Why It’s Time to Forget About “Food Deserts”
Innovation is often about changing the way we think about a problem, sometimes even changing the terminology so that we can focus on a better solution. That’s what John Bare wants to do: Instead of diagnosing and pointing out the nation’s food deserts, he wants to empower a cure for the problem with a name. In creating the Food Oasis Movement, Bare shifts the attention to meeting the demand for fresh fruits and vegetables, rather than assigning blame for the lack of healthy produce. He’s identifying innovators and their creative ideas for engaging families and supporting their desire to learn about healthy cooking and choose nutritious foods. With new programs emerging in cities including Philadelphia, Chicago, and Atlanta, the oasis is certainly growing.
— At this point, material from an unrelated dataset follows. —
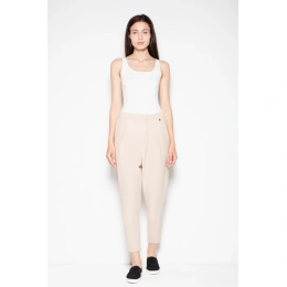 Dámské vypasované, pletené kalhoty. Vysoký pas. Kapsa, ozdobné prošívání na zadní straně, které zešt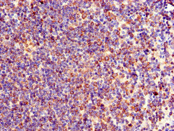 Immunohistochemistry of paraffin-embedded human lymph node tissue using CSB-PA025362LA01HU at dilution of 1:100

Will Philly Be Known for Healthy Produce Instead of Cheesesteaks?
The first food most people would associate with Philadelphia is the cheesesteak—tasty and popular, but not exactly nutritious. Philly isn’t quite known for its fruits and vegetables, but Healthy Corner Store Initiative, is the nation’s biggest city-wide effort to bring healthy foods to convenient stores. The proactive initiative requires store owners to take small, low-risk steps toward stocking healthier items, meant to protect and support the business as it transforms from a source of sugary drinks and salty snacks to an easier source of nutritious foods. Not only has the successful partnership with the city department of health and local philanthropy Food Trust helped grow the program to over 600 stores in the city—it has also reached out to nearby Norristown, Penn., and over the bridge to Camden, N.J., to consult on similar programs for cities with similar struggles.